While the utility of WGS/ES for gene discovery was quickly evident, until recently, the clinical utility of WGS/ES was unknown. In paediatrics, the most obvious use of WGS/ES is for the diagnosis of children with intellectual disability. Despite the inroads made over the previous 5 years by chromosome microarray testing (which has improved the diagnostic yield in children with neurodevelopmental disorders from around 3% for microscope karyotyping to ∼15–20%),[8] there exists a vast backlog of children awaiting definitive diagnosis. Several studies have now been published on the diagnostic yield of WGS/ES in children with neurodevelopmental disorders. These indicate that a definite diagnosis is achievable in ∼25% of patients and a possible diagnosis in an additional ∼15%.[4, 9, 10] Importantly, the majority of mutations detected in studies of patients with intellectual disability have been either de novo (new, rather than inherited) autosomal dominant mutations or mutations on the X chromosome. In fact, one of the important findings to emerge from the NGS revolution is just how prevalent de novo mutations are, both in healthy individuals and as a cause of disease. It has been demonstrated that healthy individuals have ∼50–100 de novo sequence changes.[11] It is fortunate that on average, only approximately one of these de novo sequence change occurs within the protein coding part of the genome (the exome),[10] and of these, the vast majority are without phenotypic effect. Detection of de novo variants is greatly facilitated by sequencing parent–child ‘trios’, which simplifies the analysis despite increased sequencing cost. In patients with a diagnosis of autism, a similar diagnostic yield has been obtained, with WGS detecting deleterious de novo mutations in 19% and inherited autosomal or X-linked alterations in an additional 31%.[12]

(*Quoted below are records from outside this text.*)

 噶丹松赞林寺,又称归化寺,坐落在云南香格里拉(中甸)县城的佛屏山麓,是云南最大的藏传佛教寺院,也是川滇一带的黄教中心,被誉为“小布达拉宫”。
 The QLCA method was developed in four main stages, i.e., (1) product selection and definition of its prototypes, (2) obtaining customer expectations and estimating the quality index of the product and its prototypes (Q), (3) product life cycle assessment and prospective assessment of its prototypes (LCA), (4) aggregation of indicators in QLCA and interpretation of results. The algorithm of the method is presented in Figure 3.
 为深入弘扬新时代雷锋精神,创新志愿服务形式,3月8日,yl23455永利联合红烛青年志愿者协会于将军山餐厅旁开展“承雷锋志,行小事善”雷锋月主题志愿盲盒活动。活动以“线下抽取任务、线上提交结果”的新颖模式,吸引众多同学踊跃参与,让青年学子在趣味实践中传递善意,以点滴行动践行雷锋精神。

When there is parental consanguinity, a different picture is emerging. In this setting, an autosomal recessive aetiology is far more likely, and analysis is facilitated by targeting homozygous regions (where both chromosomes have identical DNA sequence) across the genome. Exome sequencing studies of children with neurodevelopmental disorders whose parents are consanguineous have demonstrated a diagnostic yield of ∼15%, with potentially causative mutations detected in an additional ∼30% of patients.[13, 14]

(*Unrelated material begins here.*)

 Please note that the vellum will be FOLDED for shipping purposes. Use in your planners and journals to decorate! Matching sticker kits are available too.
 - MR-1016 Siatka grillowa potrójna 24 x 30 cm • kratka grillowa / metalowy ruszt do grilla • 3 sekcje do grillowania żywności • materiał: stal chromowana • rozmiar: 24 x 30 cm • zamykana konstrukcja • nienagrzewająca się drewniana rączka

Beyond neurodevelopmental medicine, WGS/ES has the potential to provide a diagnosis for a range of rare paediatric presentations where a genetic aetiology is suspected. In a demonstration of the power of ES, a 15-month-old child with severe inflammatory bowel disease, for whom all known diagnoses had been exhausted, was diagnosed by ES to have a mutation in the X-linked inhibitor of apoptosis gene (XIAP), previously associated with X-linked lymphoproliferative disease.[15] The genetic diagnosis was critical for patient management because it indicated the need for haematological stem cell transplant, which was completed successfully. The same laboratory published the results of the first 18 paediatric patients who underwent WGS at their clinic, demonstrating a definite diagnosis in five (28%) and a suspected diagnosis in four (22%) of the patients.[16] The utility of WGS has also been demonstrated in the neonatal intensive care unit, where WGS results have been obtained for critically ill neonates within 50 h.[17] Of four neonates studied prospectively, a definite diagnosis was made in two, a novel gene for heterotaxy was identified in a third, and in the fourth neonate, WGS data helped rule out some differential diagnoses.

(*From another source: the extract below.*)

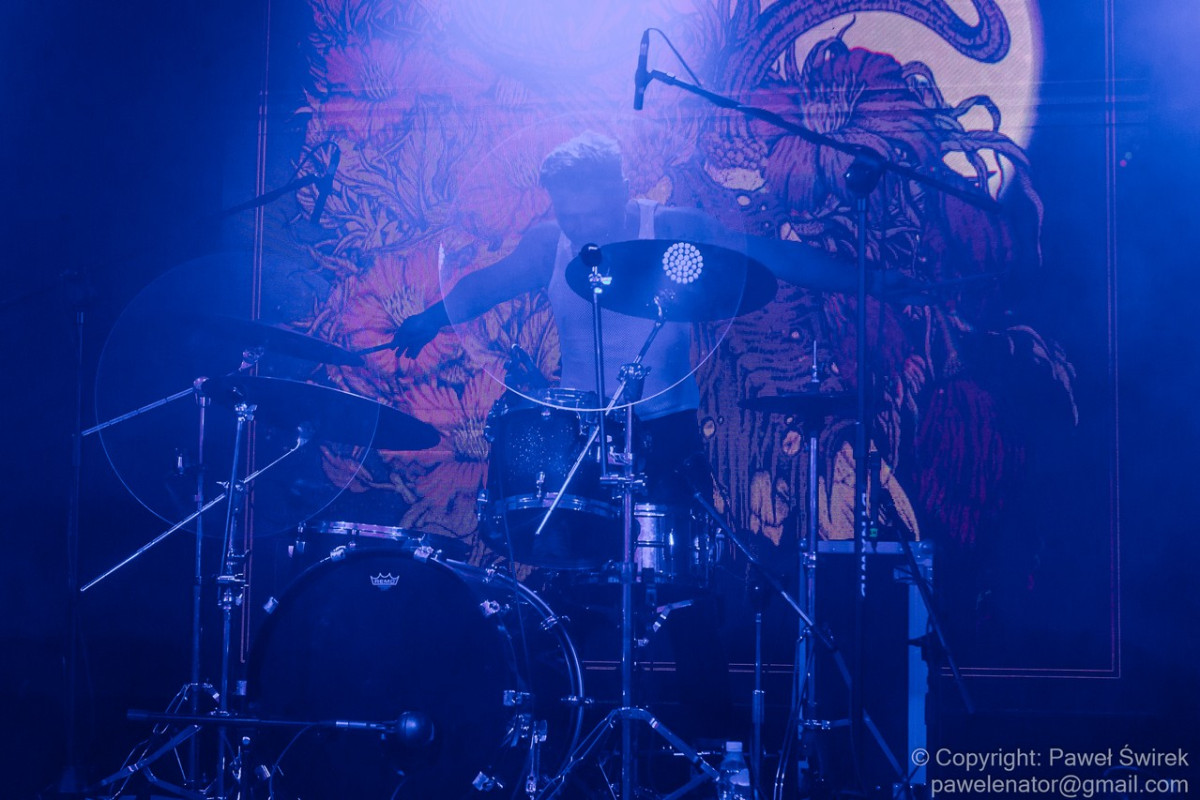 Czwartym zespołem występującym na scenie parkowej była grupa ToŃ. Choć to nowy zespół, nie było mi dane ich zobaczyć wcześniej. Jak na muzykę, którą grają scena była spowita jednolicie na niebiesko lub czerwono. Przynajmniej na początku koncertu. Zagrali niezbyt długiego seta (podobnie jak wcześniejsze zespoły). Poniżej galeria zdjęć:

Taken together, these results suggest that WGS/ES has the potential to provide a diagnosis in 25–50% of children with suspected genetic aetiology across a range of paediatric presentations. Although the benefits of improved diagnostic yield vary according to the clinical scenario, tangible benefits include providing families with an explanation for their child's disorder, availability of prenatal diagnosis (or restoration of reproductive confidence in the case of de novo mutations), better targeted management plans, avoidance of further unnecessary and costly diagnostic tests, and facilitating contact with other families with the same disorder.

There are now a number of laboratories providing WGS/ES as a clinical service, with costs ranging between $US4500 and $US10 000 depending on the extent of sequencing and data analysis provided.[7] One diagnostic laboratory recently published the results of their first 250 patients tested, 80% of which were children with neurodevelopmental disorders.[18] A diagnosis was made in 25% of patients, and once again, most diagnoses were the result of de novo autosomal dominant mutations.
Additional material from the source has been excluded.